Alexis Blane #SSRN on "Sovereign Immunity as a Bar to the Execution of International Arbitral Awards

Alexis Blane has posted a new paper on SSRN entitled: “Sovereign Immunity as a Bar to the Execution of International Arbitral Awards” New York University Journal of International Law and Politics (JILP), Vol. 41, No. 2, p. 453, 2009. Here is the abstract:

International arbitration is an increasingly popular way to settle disputes between parties of different nationalities and a particularly valuable tool for private parties engaging in commercial transactions with states. The reasons for preferring arbitration include the ability to choose the dispute settlement forum, the procedural strictures of judicial settlement, and the perceived tendency of national courts to favor their own investors. Whatever their reasons for choosing arbitration, parties who do so believe that the current network of multilateral treaties and national laws render the awards arising out of arbitration enforceable and executable in multiple jurisdictions. This potential for enforcement in multiple jurisdictions is valuable because it allows the prevailing party to collect on its award and, when it cannot, to bring judicial pressure to bear in order to compel compensation. It is the promise of such transportable execution which may be arbitration’s greatest appeal. However, this Note argues that this perception may be fatally flawed. When losing state parties do resist award enforcement, the domestic law of sovereign immunity provides a near-absolute bar to attempts to enforce and execute those awards against the states.

Enforcement of arbitral awards by national courts is central to the international arbitration regime’s protections.
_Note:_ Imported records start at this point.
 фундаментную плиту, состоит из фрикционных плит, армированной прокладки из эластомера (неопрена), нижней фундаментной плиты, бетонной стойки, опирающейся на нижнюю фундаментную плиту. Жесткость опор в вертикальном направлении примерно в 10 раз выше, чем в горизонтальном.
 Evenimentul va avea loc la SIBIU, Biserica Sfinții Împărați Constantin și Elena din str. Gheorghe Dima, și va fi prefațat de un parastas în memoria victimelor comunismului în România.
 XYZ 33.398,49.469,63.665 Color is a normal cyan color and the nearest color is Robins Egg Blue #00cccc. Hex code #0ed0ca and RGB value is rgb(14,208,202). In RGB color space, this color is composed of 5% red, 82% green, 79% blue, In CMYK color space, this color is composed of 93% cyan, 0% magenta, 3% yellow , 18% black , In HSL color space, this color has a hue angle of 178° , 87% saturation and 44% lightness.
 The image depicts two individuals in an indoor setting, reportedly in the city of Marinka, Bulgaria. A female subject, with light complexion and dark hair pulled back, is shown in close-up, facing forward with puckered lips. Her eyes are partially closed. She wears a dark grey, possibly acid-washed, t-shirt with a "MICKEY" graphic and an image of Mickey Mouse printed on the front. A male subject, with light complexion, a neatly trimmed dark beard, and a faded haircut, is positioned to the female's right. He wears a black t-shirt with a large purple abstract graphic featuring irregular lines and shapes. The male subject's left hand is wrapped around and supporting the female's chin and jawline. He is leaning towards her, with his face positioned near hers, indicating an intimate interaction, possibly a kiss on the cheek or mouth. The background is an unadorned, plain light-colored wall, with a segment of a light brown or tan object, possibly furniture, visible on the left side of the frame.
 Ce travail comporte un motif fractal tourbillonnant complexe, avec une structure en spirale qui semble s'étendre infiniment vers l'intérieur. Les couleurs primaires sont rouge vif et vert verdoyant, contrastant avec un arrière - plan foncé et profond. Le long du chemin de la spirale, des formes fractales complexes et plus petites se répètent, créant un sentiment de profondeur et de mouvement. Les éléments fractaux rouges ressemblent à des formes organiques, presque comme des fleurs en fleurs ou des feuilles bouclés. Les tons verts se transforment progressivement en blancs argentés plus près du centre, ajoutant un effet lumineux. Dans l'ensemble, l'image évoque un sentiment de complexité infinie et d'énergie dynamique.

However, there remains an important loophole in the provisions for execution of arbitral awards, even those that are enforceable: Claims of sovereign immunity. While the past decades have seen a shift in the doctrine of sovereign immunity from absolute to restrictive, claims of sovereign immunity remain available to states brought before the courts of another state. The protection provided by the arbitration agreement is rendered illusory if the state against which execution is sought can defend against enforcement of the award through claims of sovereign immunity. The investor, having prevailed in arbitration, will be left with an award that cannot be satisfied.

This Note begins by examining the law that governs the enforcement and execution of international arbitration awards and the domestic law of sovereign immunity in Part II. In Part III, case studies from a number of jurisdictions are presented in order to demonstrate the problems that investors face when a state claims sovereign immunity to avoid paying an award. Part IV then explores the regime of Bilateral Investment Treaties (BITs), a rapidly expanding practice by which states form sovereign agreements that permit their national investors to bring disputes against the signatory sovereign in arbitration. For reasons that this Note examines, concerns about sovereign immunity may be particularly problematic in the BIT context. The BIT context is thus a lens through which the costs to both states and the international trade regime that arise from refusals to enforce such awards become apparent. Part VI examines a number of ways that the problems with sovereign immunity might be mitigated.